Use asynchronous data acquire/release in data_getoncpu
With StarPU, the call to RUNTIME_desc_getoncpu()
could generate a big
data transfer block, visible at the end of
this trace
for example.
This can be fixed by using the asynchronous version of data acquire/release
functions, and calling RUNTIME_desc_getoncpu()

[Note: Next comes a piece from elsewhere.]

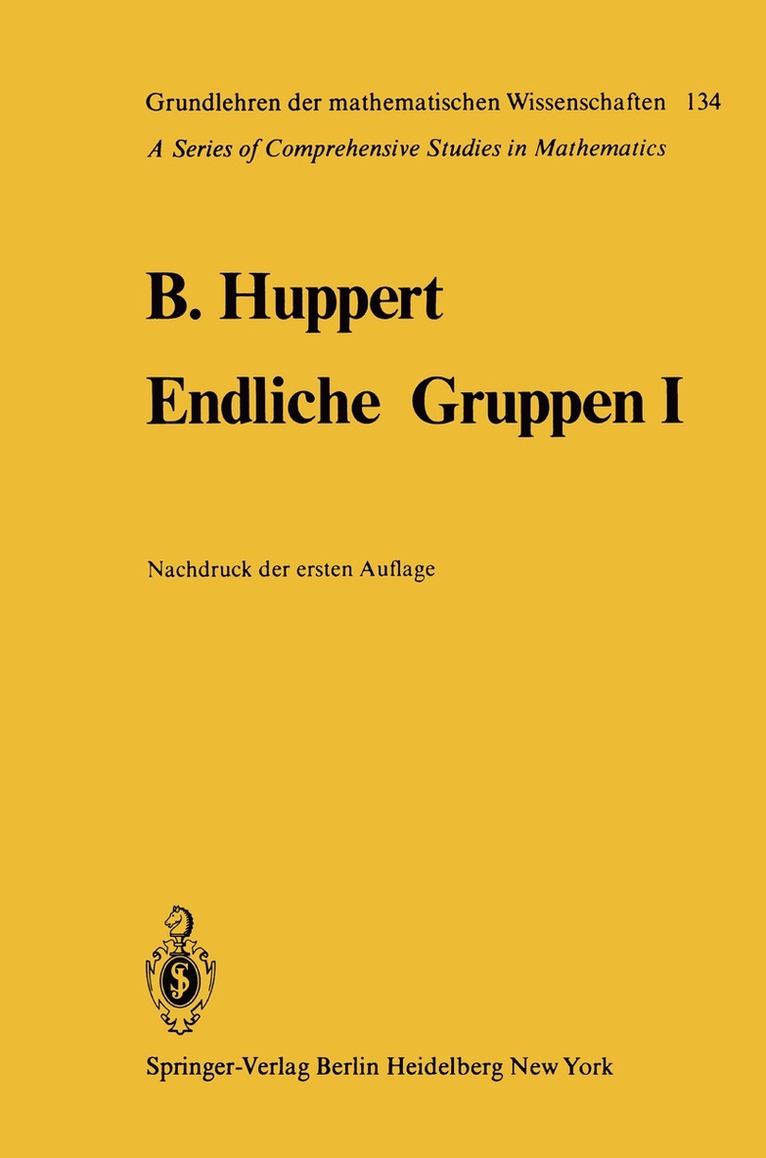 Since its publication in 1967, Bertram Huppert’s influential Endliche Gruppen I has remained a standard reference on group theory, with its clear, precise and complete exposition. The present volume makes this classic text available in English for the first time, updated with modern notation and notes.In addition to foundational material, the book contains the theory of permutation groups, linear groups, p-groups, nilpotent groups and solvable groups, as well as the transfer homomorphism and ordinary representation theory. All topics are fully developed and accessible to students with a basic knowledge of algebra. Its comprehensive coverage and inclusion of more advanced topics make this self-contained treatise an invaluable resource for graduate students and researchers.

before morse_sequence_wait()
.
diff --git a/compute/zpotrf.c b/compute/zpotrf.c
index e69c04b..a5772ea 100644
--- a/compute/zpotrf.c
+++ b/compute/zpotrf.c
@@ -211,8 +211,8 @@ int MORSE_zpotrf_Tile(MORSE_enum uplo, MORSE_desc_t *A)
}
morse_sequence_create(morse, &sequence);
MORSE_zpotrf_Tile_Async(uplo, A, sequence, &request);
- morse_sequence_wait(morse, sequence);
RUNTIME_desc_getoncpu(A);
+ morse_sequence_wait(morse, sequence);
status = sequence->status;
morse_sequence_destroy(morse, sequence);
diff --git a/runtime/starpu/control/runtime_descriptor.c b/runtime/starpu/control/runtime_descriptor.c
index b148888..adf3323 100644
--- a/runtime/starpu/control/runtime_descriptor.c
+++ b/runtime/starpu/control/runtime_descriptor.c
@@ -312,8 +312,11 @@ int RUNTIME_desc_getoncpu( MORSE_desc_t *desc )
continue;
}
- starpu_data_acquire(*handle, STARPU_R);
- starpu_data_release(*handle);
+ /* Use the async acquire/release version
+ * this only works because we know that starpu_data_handle_t
+ * is actually a pointer */
+ starpu_data_acquire_cb(*handle, STARPU_R,
+ starpu_data_release, *handle);
handle++;
}
This needs to be done for every function in compute/
,
and potentially for other runtimes.
With this fix the transfer block vanishes, see this trace.